ويكيبيديا

    "بالكون" - ترجمة من عربي إلى تركي

    • evrendeki
        
    • evrende
        
    • evreni
        
    • evrenin
        
    • evrenle
        
    • Kainattaki
        
    • evren
        
    • Kainatta
        
    • koruyucuları oldular
        
    • erken
        
    • hiç seçilmemişti
        
    Ancak karadeliğin kalbine doğru ilerledikçe evrendeki en tuhaf yer ile karşılaşır. Open Subtitles ولكن خلال تقدّمه صوب الثقب الأسود سيقع على أكثر مكان غريب بالكون
    Ve bundan sonra, annem bunun kader veya lanet olduğuna inandı, -- evrendeki heryerde bütün sebepleri araştırmaya koyularak bunun neden olduğunu anlamaya çalıştı. TED وبعد ذلك كانت امي تعتقد ان هذا قدر او لعنات بدأت بالبحث في كل الاسباب بالكون لماذ حدث هذا.
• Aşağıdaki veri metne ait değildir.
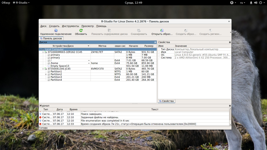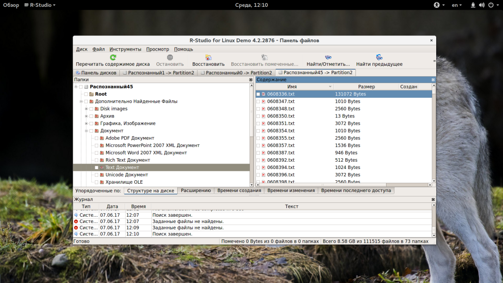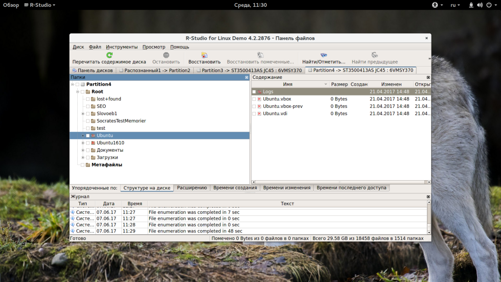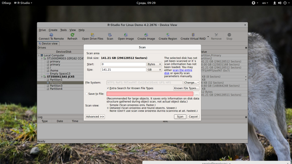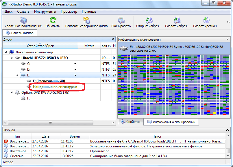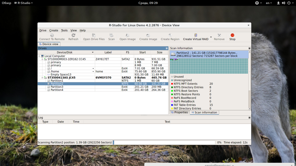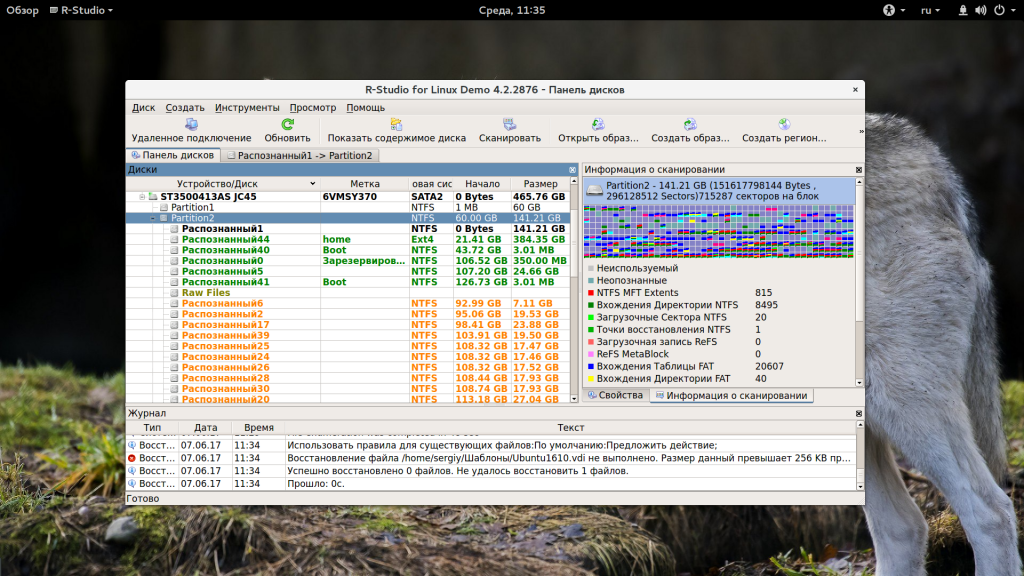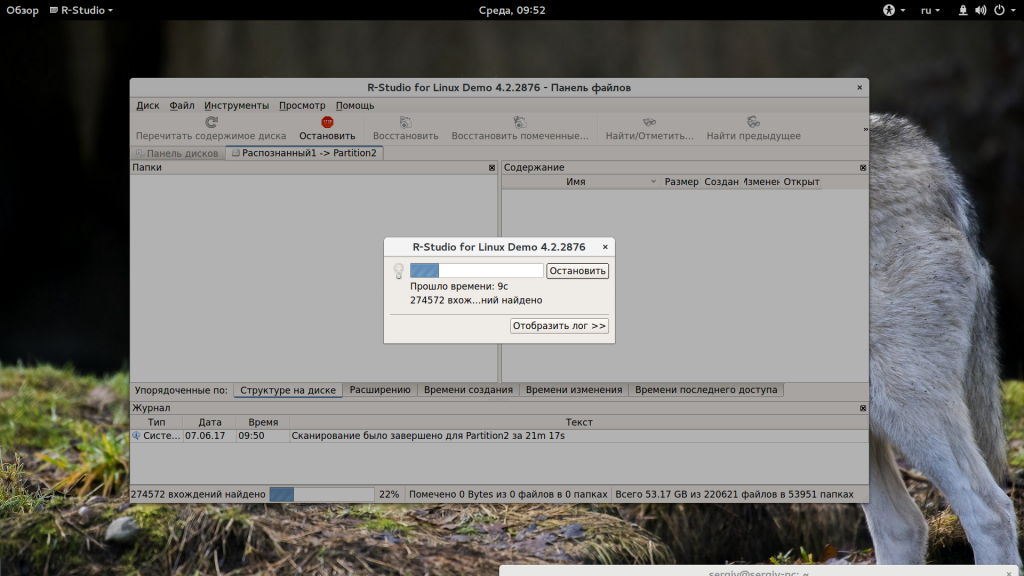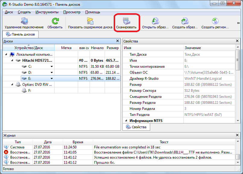 Если вы хотите восстановить все данные, нужно просканировать нужный раздел, чтобы обнаружить все файловые системы, которые там были и с которыми может работать утилита. Для этого выберите нужный раздел и нажмите кнопку «Сканировать». Этот процесс может занять длительное время, прогресс будет отображаться в правой части рабочей области:
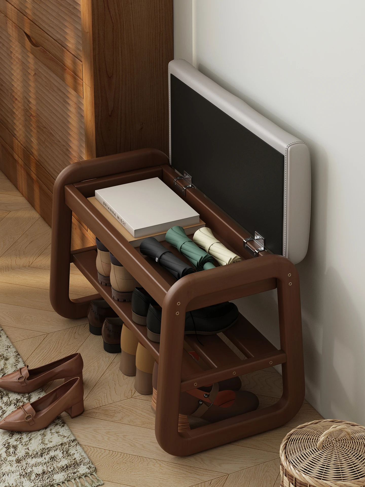 Multipurpose Solid Wood Shoe Bench with Soft Cushion - Ideal for Entryway, Convenient Storage, and Comfortable Seating for Home Use
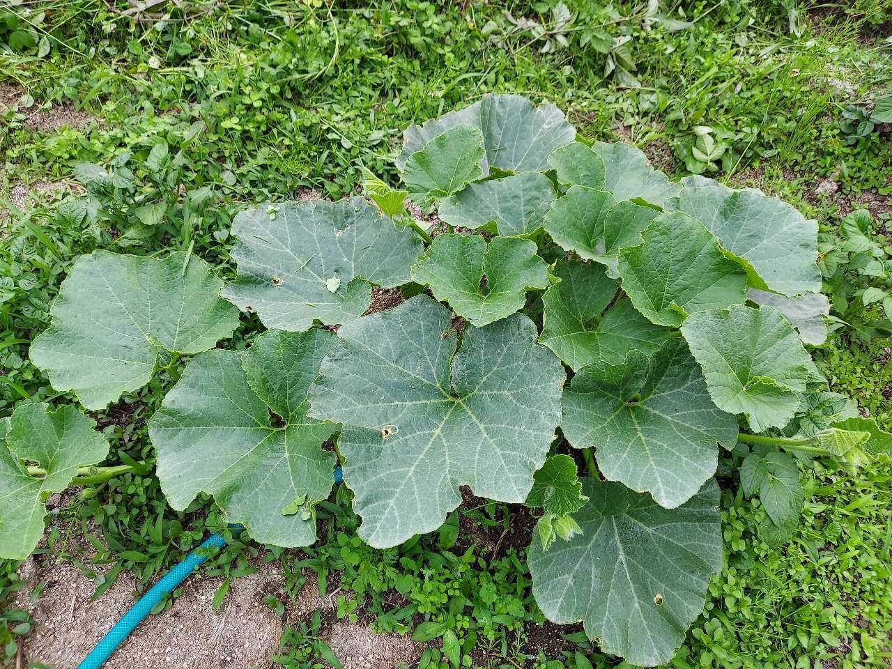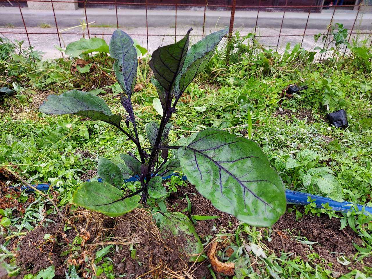 夏野菜のカボチャ(左)とナス(右)などはやっと根付きました。
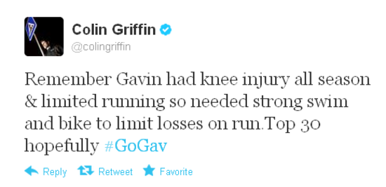Gavin Noble is 11th out of the second transition following a cracking swim and bike. He’s three seconds down as the run begins behind Vincent Luis and the brothers Brownlee.
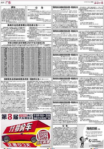 海南日报 广告 011 2019-10-241 2019年10月24日 星期四

    evrende böyle güçleri olan çok canlı yok. Open Subtitles ليس هناك الكثير من الكائنات بالكون يمتلكون هذه القوة
    Karanlık enerji evreni yönetiyor ve, görünüşe göre günden güne güçleniyor. Open Subtitles الطاقة المظلمة تتحكم بالكون ويبدو أنها تزداد قوة يوما بعد يوم
    İrade, evrenin karanlık güçlerine karşı her daim yegane silahımız olmuştu. Open Subtitles دائماً ما كانت الإرادة سلاحنا الوحيد ضد قوى الظلام التي بالكون.
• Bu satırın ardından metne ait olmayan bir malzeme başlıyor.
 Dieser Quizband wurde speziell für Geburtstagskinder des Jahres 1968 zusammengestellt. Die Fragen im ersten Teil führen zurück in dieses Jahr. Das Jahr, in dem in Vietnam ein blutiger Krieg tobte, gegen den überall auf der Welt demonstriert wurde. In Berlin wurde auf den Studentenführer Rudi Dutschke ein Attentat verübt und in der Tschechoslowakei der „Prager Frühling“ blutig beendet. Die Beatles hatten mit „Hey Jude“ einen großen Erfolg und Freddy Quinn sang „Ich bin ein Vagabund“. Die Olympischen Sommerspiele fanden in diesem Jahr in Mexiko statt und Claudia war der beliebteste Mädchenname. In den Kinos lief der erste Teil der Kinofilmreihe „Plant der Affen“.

    evrendeki bu karşılıklı bağlantıyı, yani hepimizin birbirimizle ve en temel düzeyde de evrenle bağlantılı olduğumuzu bilmek sanırım maneviyat için çok iyi bir açıklama sağlıyor. Open Subtitles بمعرفة ذلك الترابط الداخلي للكون.. إننا كلنا مترابطون و بأننا مرتبطون أيضاً بالكون.. بمستواه القاعدي..
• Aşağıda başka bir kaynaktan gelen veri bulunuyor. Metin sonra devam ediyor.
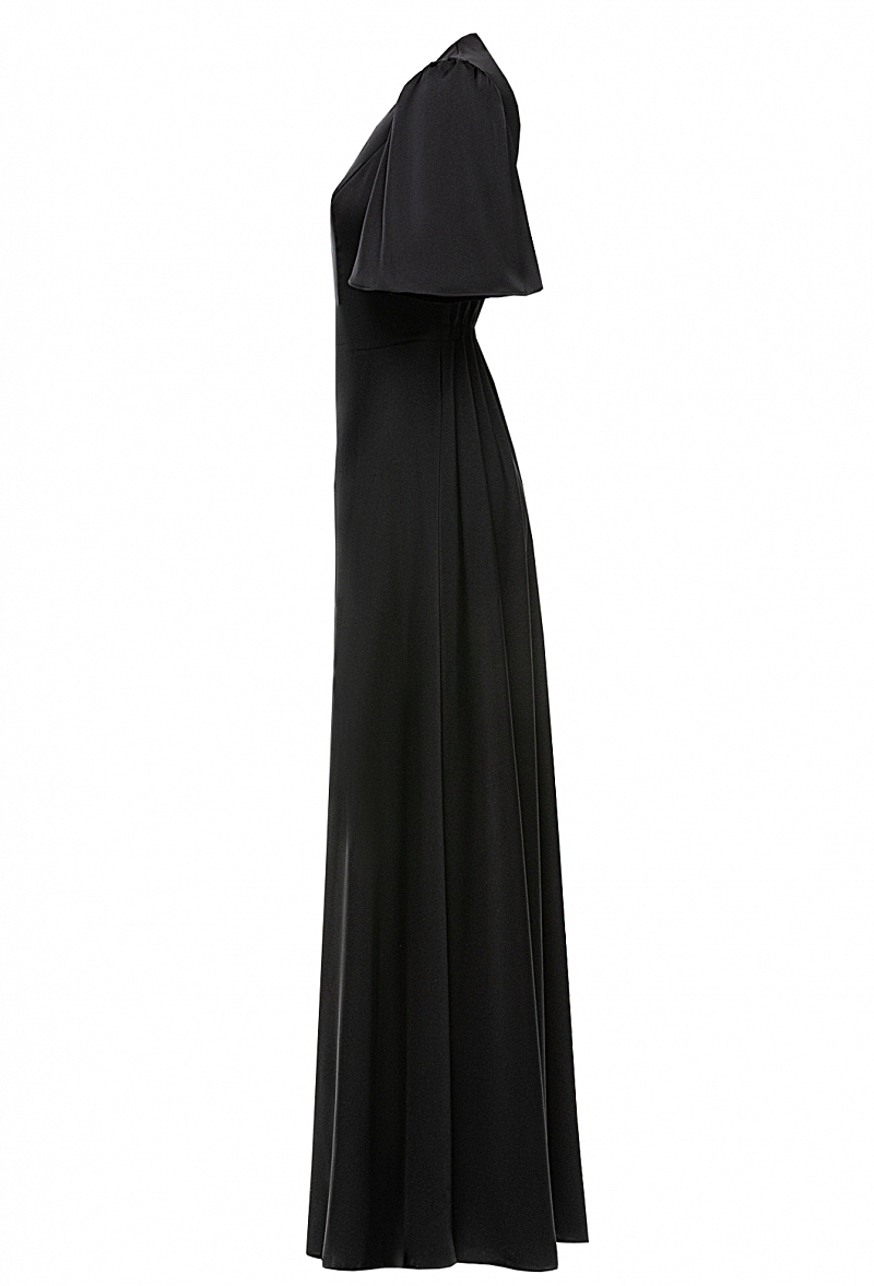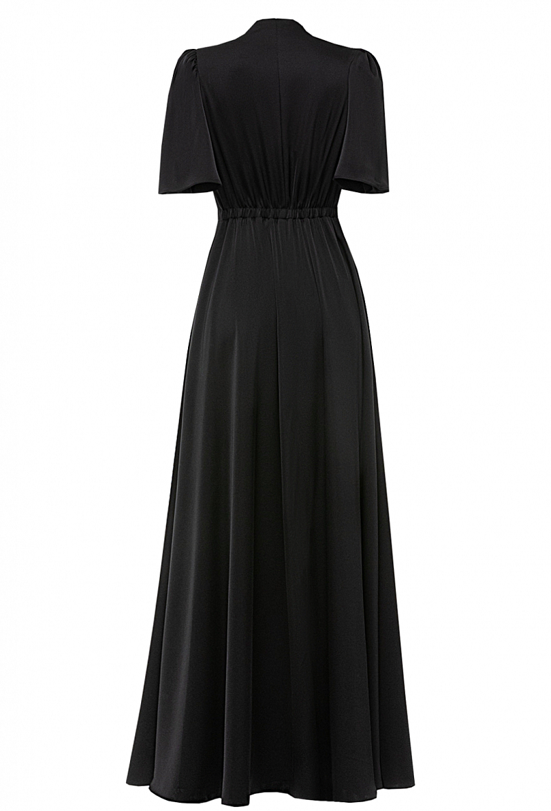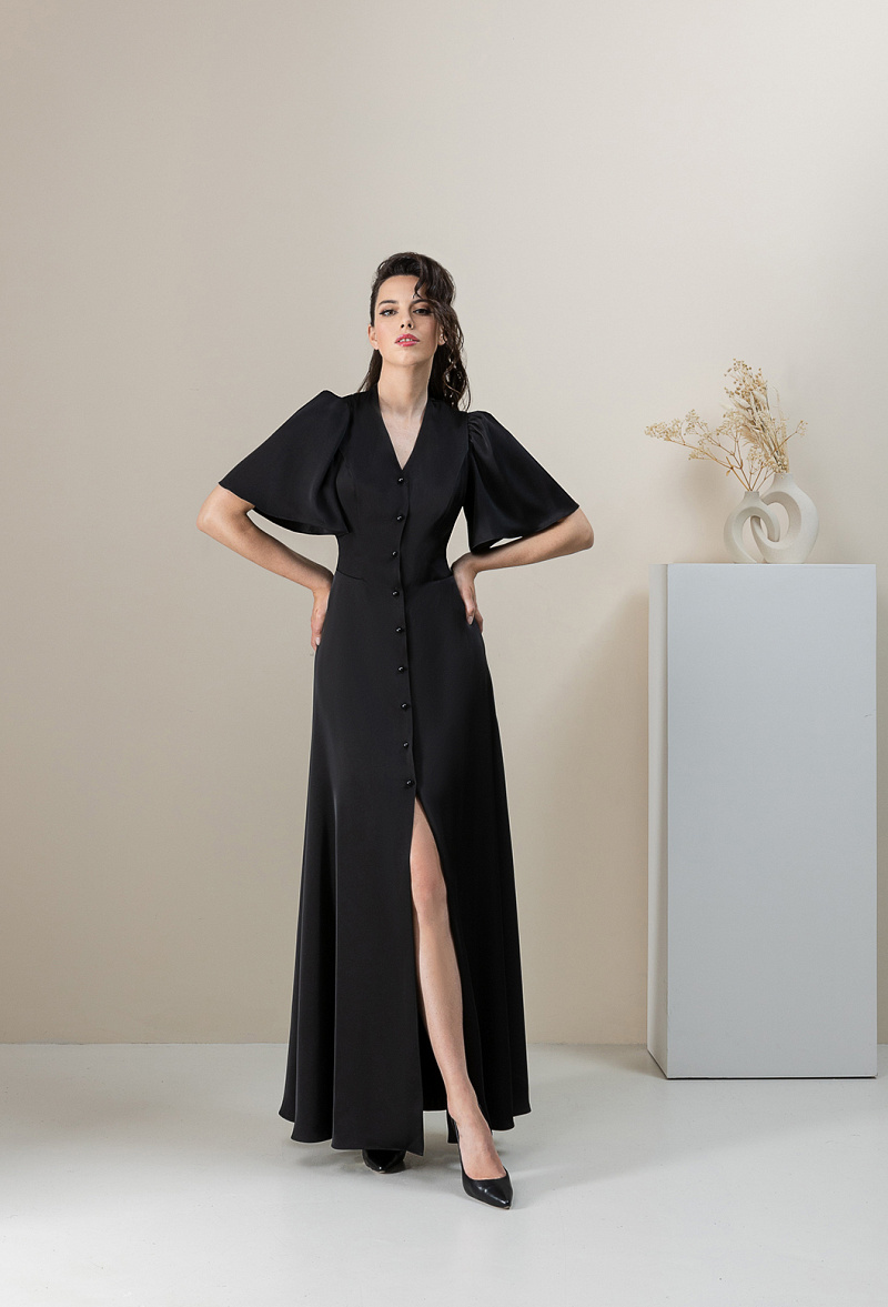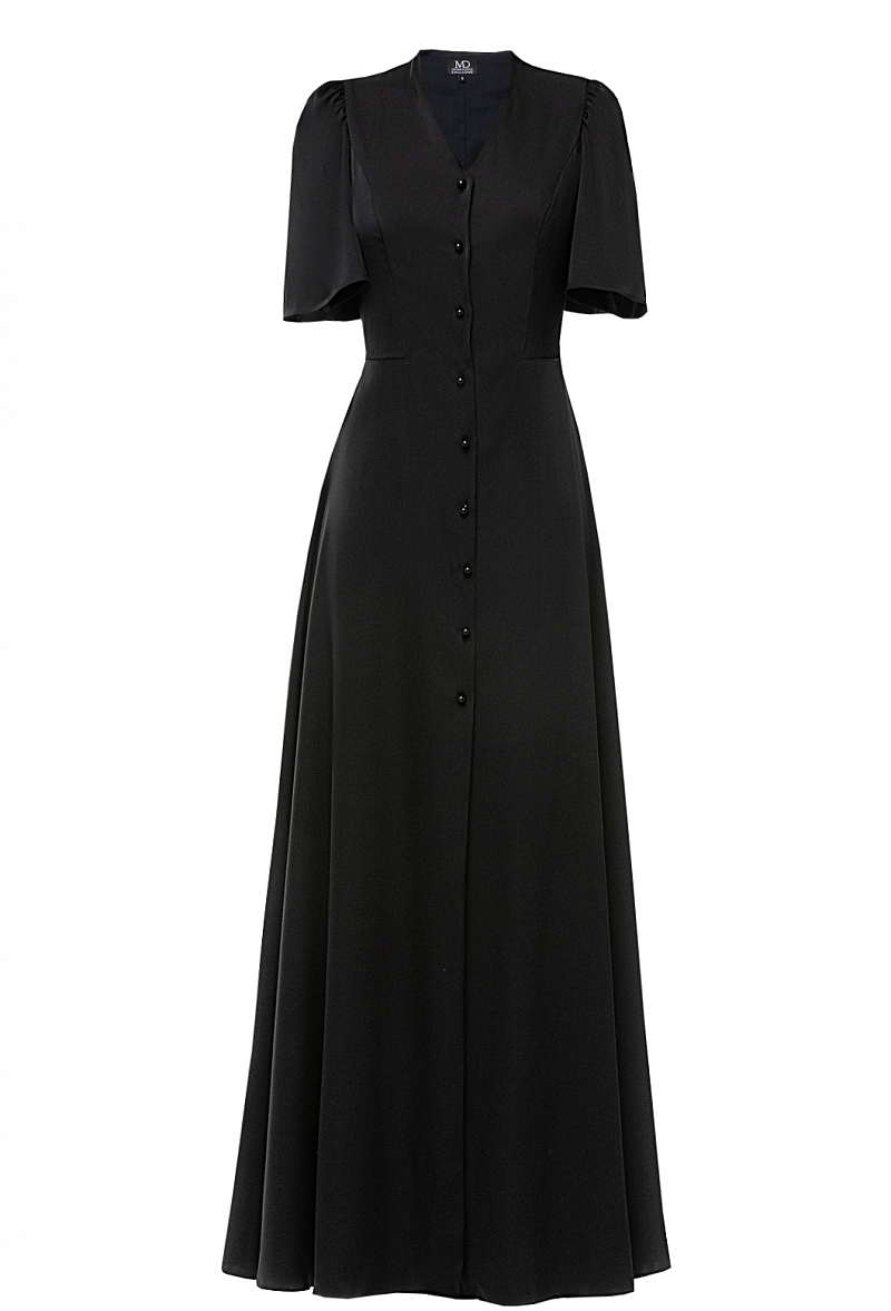 Платье в пол из легкой ткани на пуговицах. V-образный вырез, приталенное, с трапециевидной юбкой.

    Kainattaki en çalkantılı ve şiddetli yerlerde çalışmıyor. Open Subtitles فلقد أخفقت بأكثرالأماكن قسوة وإظطراباً بالكون.
    Teoriye göre, bakteri gibi basit yaşam biçimleri ve volkanik havuzlarda gördüğümüz alg tipi canlılar evren'de yaygın olabilir. Open Subtitles تفترض أن الحياة البسيطة، كالبكتيريا، نوع الوحل الذي رأيتُه في البرك البركانية الحارة، ربما تكون منتشرة بالكون.
    "evrendeki diğer yıldız sistemlerinde bizim dışımızda yaşam formlarının bulunması kuvvetle muhtemeldir, ve bu yaşam formlarının çoğunun bizden daha zeki olması da daha da muhtemel görünmektedir." Open Subtitles إنه من الوارد جداً.. أن هناك أشكال حياة ذكية.. بمجرات أخرى بالكون,
    Çoğunluk evrendeki bireysel ilişkilerini önemserken, Open Subtitles و حيث الأغلب ينظرون إلى علاقتهم الفردية بالكون
    Söylentilere göre, kendini evrendeki diğer canlıları araştırmaya adamış. Open Subtitles يقولون أنه كرس نفسه لدلائل الحياة الذكية بالكون
    Son on yılımı, evrendeki en küçük parçayı araştırarak geçirdim. Open Subtitles قضيتُ العشر سنوات الأخيرة أبحث في أدقّ الأشياء بالكون.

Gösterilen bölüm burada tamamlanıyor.